Google Ngrams are Pithy

I just learned (via The New York Times) of a new Google tool that allows the curious person to type in a word or phrase and see how often that term is mentioned in over 5.2 million books over the past 500 years. The Google Ngram tool draws from 500 billion words contained in books published between 1500 and 2008 in English, French, Spanish, German, Chinese and Russian.

If every picture tells a story, then perhaps we can intuit some knowledge from this incredible graphing tool, the analytical powers of which would have been unthinkable only a few years ago. Of course lines on a graph are just data, and exercises in interpretation can be creative, manipulative, dull or brilliant. ┬áThat’s why it could be fun.

Here are a few I came up with:

This week the Congressional passage of a bill to extend Bush-era tax cuts was big news. Obama’s health care legislation passed earlier this year remains in limbo as judicial challenges and a Republican Senate gear up to attack. How do the terms “tax cuts, medicare, and medicaid” stack up in terms of their prevalence in our written discourse over the last 100 years?

Does the hive conscience since the 1960’s have a greater appetite for money in one’s own pocket than concerns about health welfare?

Here’s another. Searching for “diabetes, obesity” yielded predictable curves:

Obesity and diabetes are signs of the times, and will only take up more of our collective literature going forward.

And then there are “leeches, lobotomy, and liposuction.” Three bizarre treatments offered by physicians over the past two hundred years:

Fearing a lawsuit for missing a diagnosis, doctors often order multiple expensive tests, a practice called defensive medicine. Patients who experience unfortunate outcomes rarely receive fair compensation, and only those patients whose injuries make for high courtroom drama (or potentially multimillion dollar awards) ever begin the 2-3 year process of litigation. The whole mess benefits trial lawyers to the detriment of health care quality and cost. Here’s “medical malpractice, defensive medicine, healthcare costs, bad outcomes.”

Reads like a book to me.

“abortion, birth control” produces some interesting results. Although abortion has been in the public lexicon for hundreds of years, the use of the term in books surged at about the same time as the oral contraceptive pill and the social movements of the 1960’s were taking off.
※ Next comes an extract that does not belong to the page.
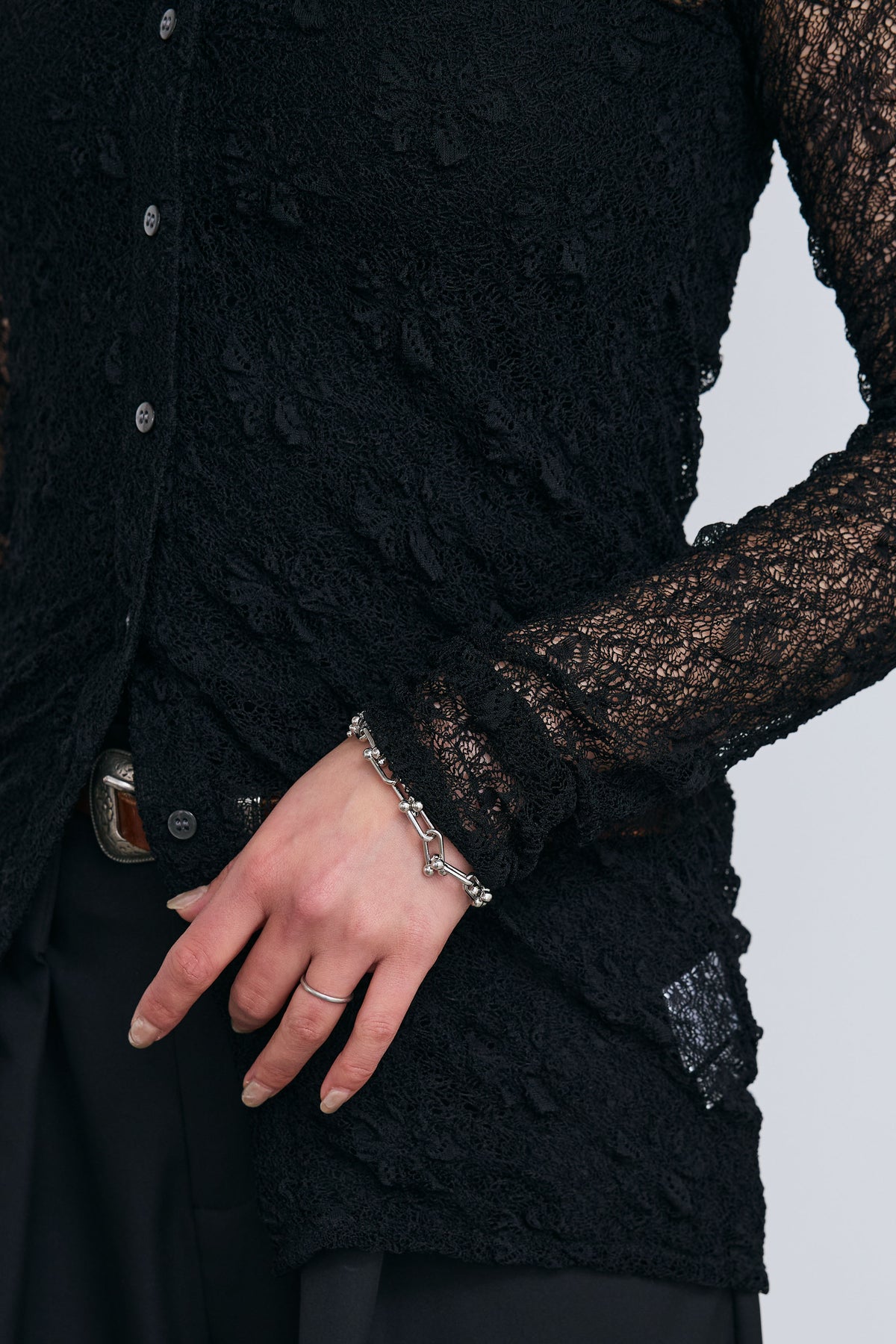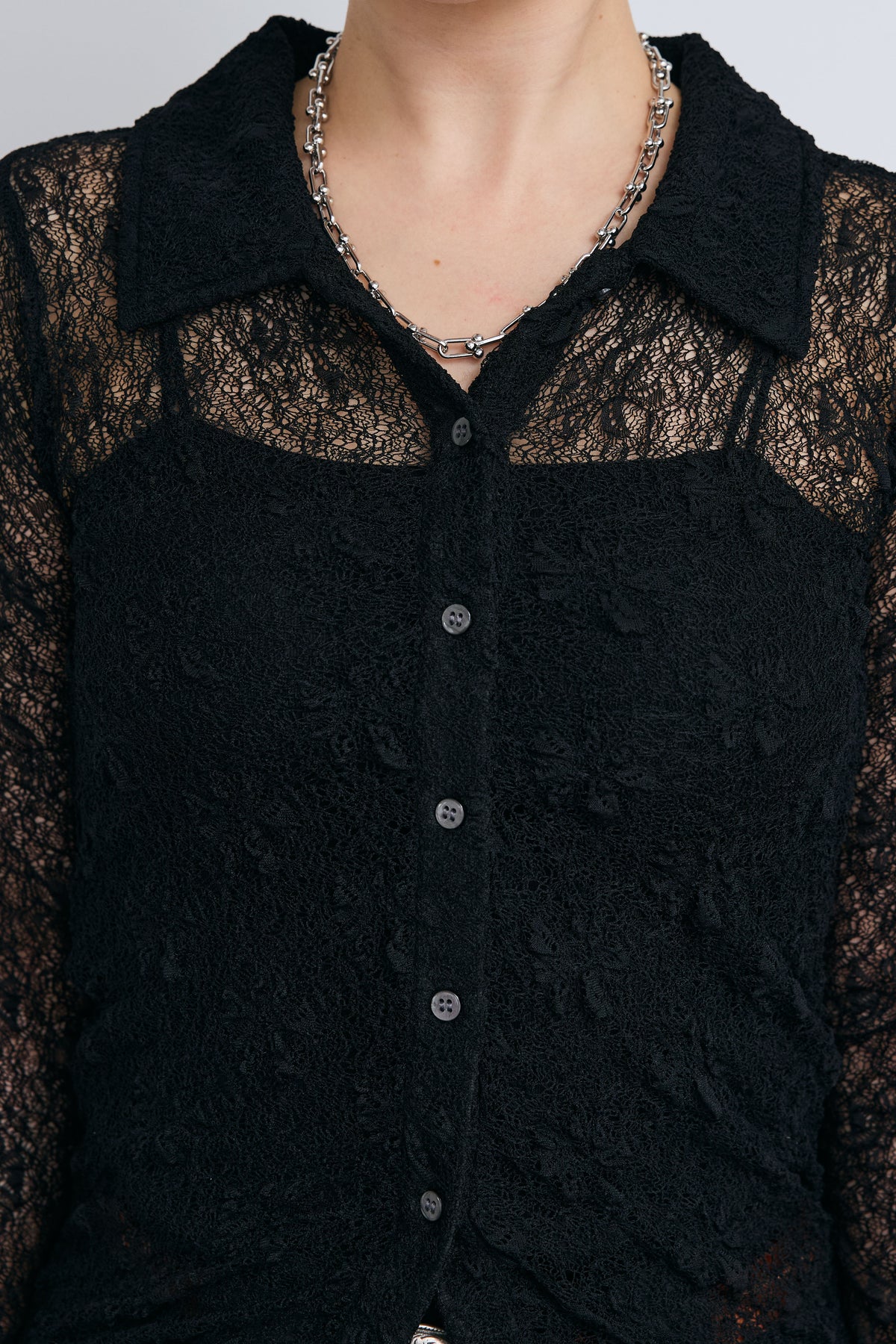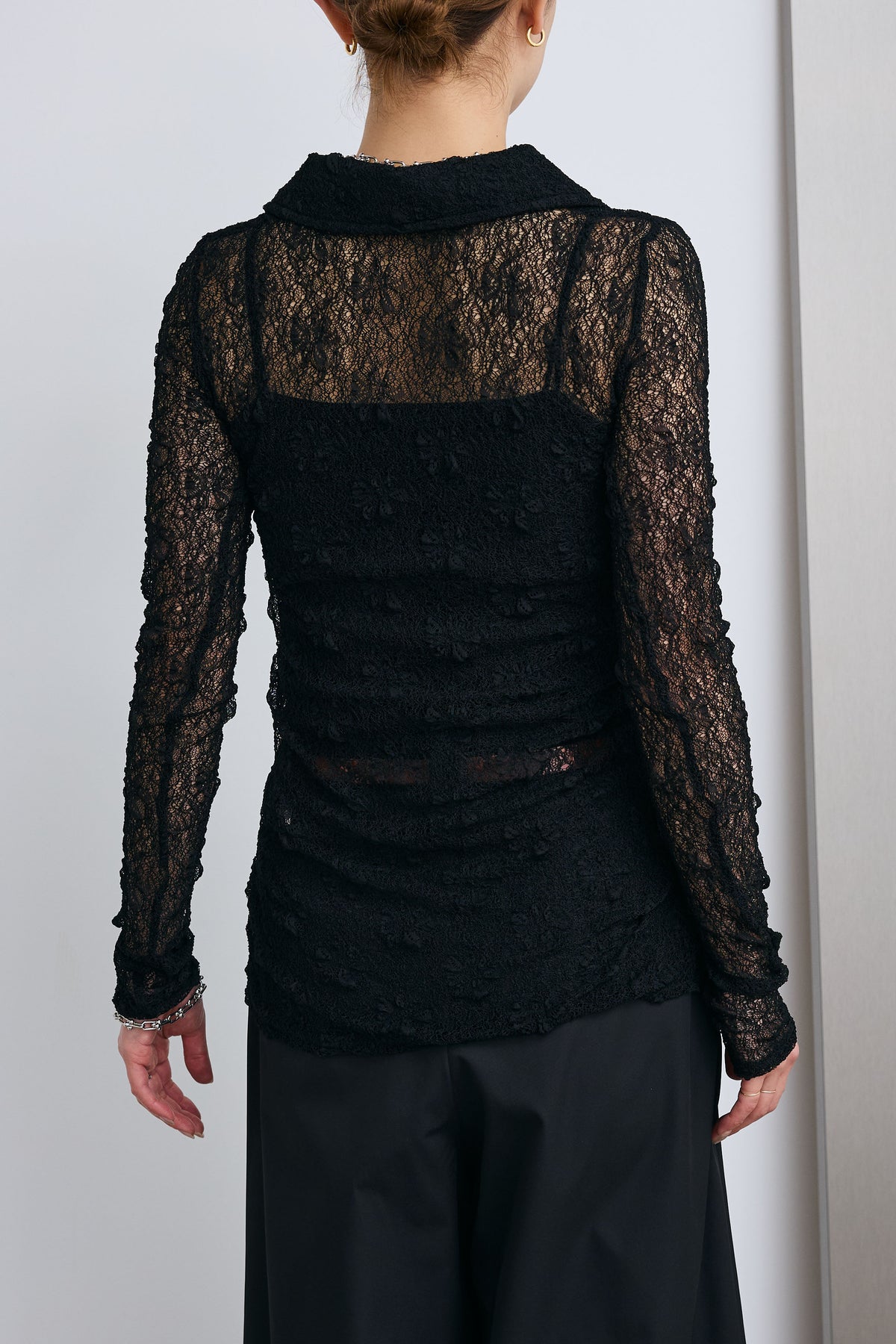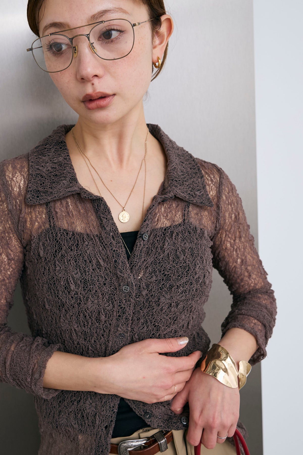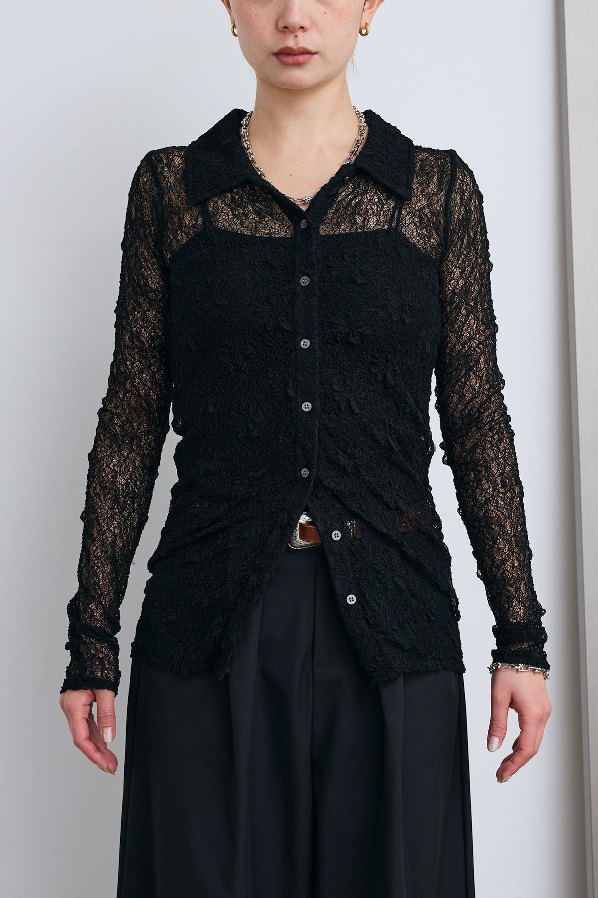 繊細なレースが軽やかな印象を引き立てる襟付きカーディガン。程よい透け感が抜けを生み、インナーとのレイヤードを楽しめるデザインです。コンパクトなシルエットと襟付きのディテールで、さりげなくきちんと感もプラス。羽織としてはもちろん、トップス感覚でも取り入れやすく、スタイリングの幅を広げてくれる一枚です。

Despite the furor over abortion, actually it would seem to be cooling off in terms of frequency appearing in the written word.

And what about the old adage of Franklin that “an ounce of prevention is worth a pound of cure?” It would seem that prevention was all but forgotten for the better part of the past three hundred years, and only recently has gained against the more heroic cure.

With a resurgence of suspicion and pseudo-enlightenment, the opponents of vaccination have abetted the resurgence of diseases like pertussis, measles, varicella, and polio in recent years. How often has the phrase “vaccines are dangerous” entered our collective conscience?

And so that I leave time in my Sunday for decorating the Christmas tree, I leave you with one last comparison of terms in the literature: “apocalypse, global warming.”

In the days leading up to the year 2000, millennial superstitions crescendoed but have since relaxed. Unfortunately, with climate change denial, oil addiction, population growth, and moral paralysis it would seem that one force more powerful than Nostradamus grows stronger as we seemingly relax in our language of doom!

This Google Ngram stuff could become addictive. I’m thinking I’ll need to limit myself to one search a day. What crazy, creative, manipulative, important, and curious connections might we uncover in our culture through the analysis of our collective conversations as they occur across the centuries in the written word?

Perhaps I’ll just have to work on a little side project – can Ngrams be pithy? Please share any thought-provoking ones you might come up with, too!